## Task
Your answer must be an exact copy of the data below, minus any pictures.

## Available data
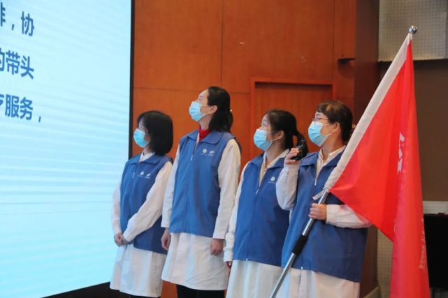 武昌区科学技术协会科普部谭宏部长为博士志愿队代表授旗
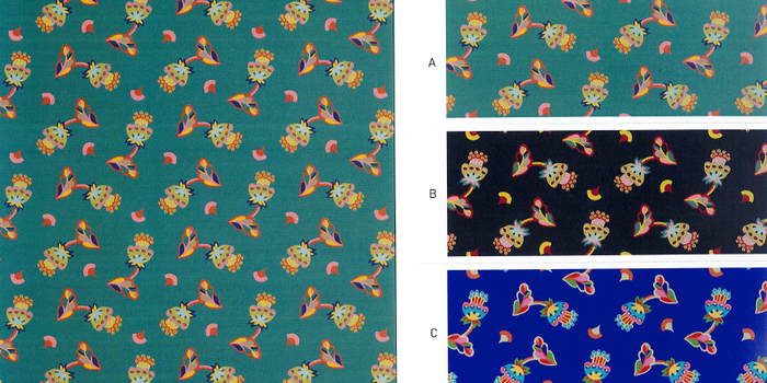 シンプルにレイアウトされたエキゾチックな花や蕾が、不思議な雰囲気を醸し出しているデザインです。
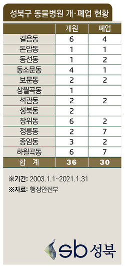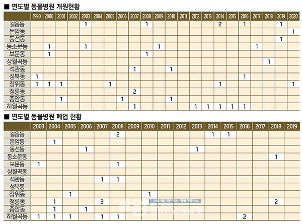 반면 정릉동, 종암동, 보문동은 10년째 동물병원 개원이 이뤄지지 않고 있다. 그 중에서도 정릉동은 폐업만 꾸준히 늘면서 2개소의 동물만 개원하고 있다.
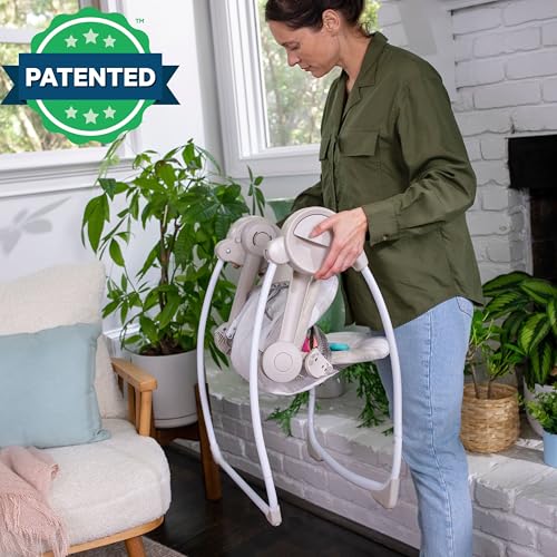 Ingenuity Soothe 'n Delight Compact Portable 6-Speed Plush Baby Swing with Music, Folds Easy, 0-9 Months 6-20 lbs (Cozy Kingdom)

## Solution for this exercise
 武昌区科学技术协会科普部谭宏部长为博士志愿队代表授旗
 シンプルにレイアウトされたエキゾチックな花や蕾が、不思議な雰囲気を醸し出しているデザインです。
 반면 정릉동, 종암동, 보문동은 10년째 동물병원 개원이 이뤄지지 않고 있다. 그 중에서도 정릉동은 폐업만 꾸준히 늘면서 2개소의 동물만 개원하고 있다.
 Ingenuity Soothe 'n Delight Compact Portable 6-Speed Plush Baby Swing with Music, Folds Easy, 0-9 Months 6-20 lbs (Cozy Kingdom)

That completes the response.